Сын. А что я об этом знаю? Когда я видел свою мать? Когда мне говорили о ней? И вдруг однажды она является с этой (показывает на Падчерицу)и вот с этими мальчиком и девочкой и мне говорят: «Познакомься, это твоя мать!» По ее манерам (снова показывает на Падчерицу)я сразу понял, что это за птица и как она сумела втереться в Дом… Ах, сударь, если б вы только знали, чего я натерпелся и что пришлось мне пережить! Такое можно услышать только на исповеди… Я сам себе боюсь в этом признаться!

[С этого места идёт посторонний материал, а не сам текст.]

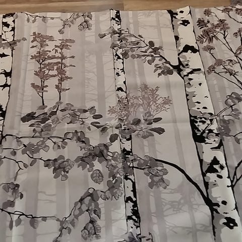 Kangas 83% puuvilla, 17 % polyesteri. Yläreunaan ommeltu rypytysnauha.

Словом, судите сами, есть ли в этой драме для меня роль? Поверьте, господин директор, что я персонаж драматургически «нереализованный», и в этой компании мне приходится куда как туго. Пусть оставят меня в покое!

Отец. Как так? Нет уж, извини! Ты должен участвовать именно потому, что ты таков…

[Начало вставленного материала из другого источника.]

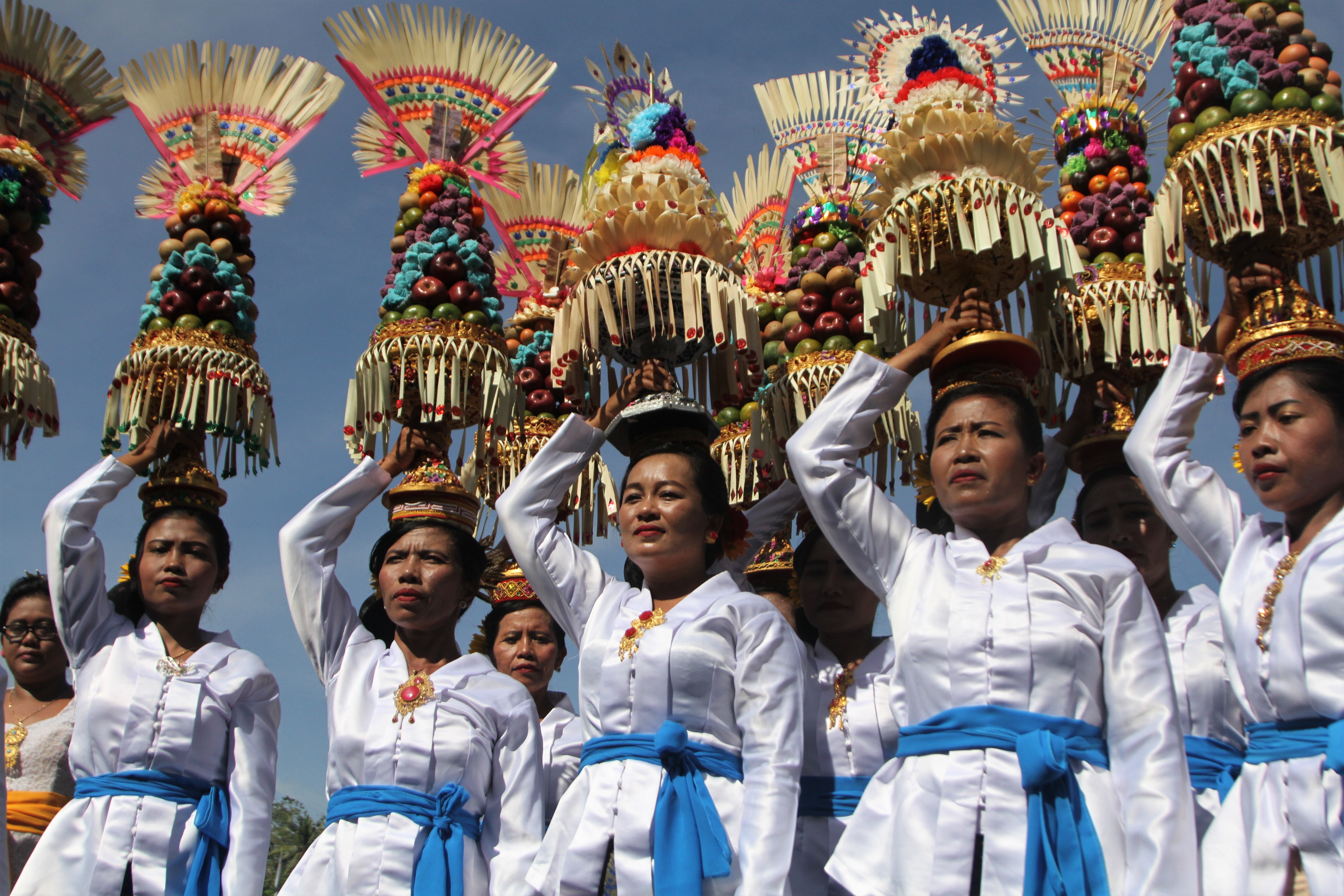Festival Budaya Bali di Desa Jati Bali, Kabupaten Konawe Selatan, Sulawesi Tenggara. Festival budaya Bali yang berlangsung setiap tahun ini bertujuan mempererat silahturahmi sesama ummat Hindu di 17 Kabupaten/Kota di Sulawesi Tenggara serta menjadi hiburan masyarakat tentang tradisi budaya Bali. Sumber foto: Antara Foto

Сын (в отчаянии).Ты-то откуда знаешь, каков я есть? Когда ты мной занимался?

Отец. Согласен, согласен! Но разве для театра это не интересная ситуация? Например, как ты относишься ко мне, к матери, которая вернулась и видит тебя почти впервые и сразу таким большим, не узнает тебя, но знает, что ты ее сын… (Указывает Директору пальцем на Мать.)Смотрите, она плачет!

Падчерица (в ярости топает ногой).Как последняя дура!

Отец (показывает Директору на Падчерицу).Она его не выносит! (Продолжает о Сыне.)Он говорит, что в нашей драме не играет никакой роли, а на самом деле он-то и есть главная ее пружина! Взгляните на этого крошку, который так испуганно жмется к матери… Ведь это все из-за него! Быть может, самое тяжкое положение именно у этого крошки! Он чувствует себя несчастнее всех нас; он чувствует смертельную обиду, что принят в этом доме лишь из сострадания… (Доверительным тоном.)Поразительно похож на отца! Такой же униженный, как и он; слова не вымолвит…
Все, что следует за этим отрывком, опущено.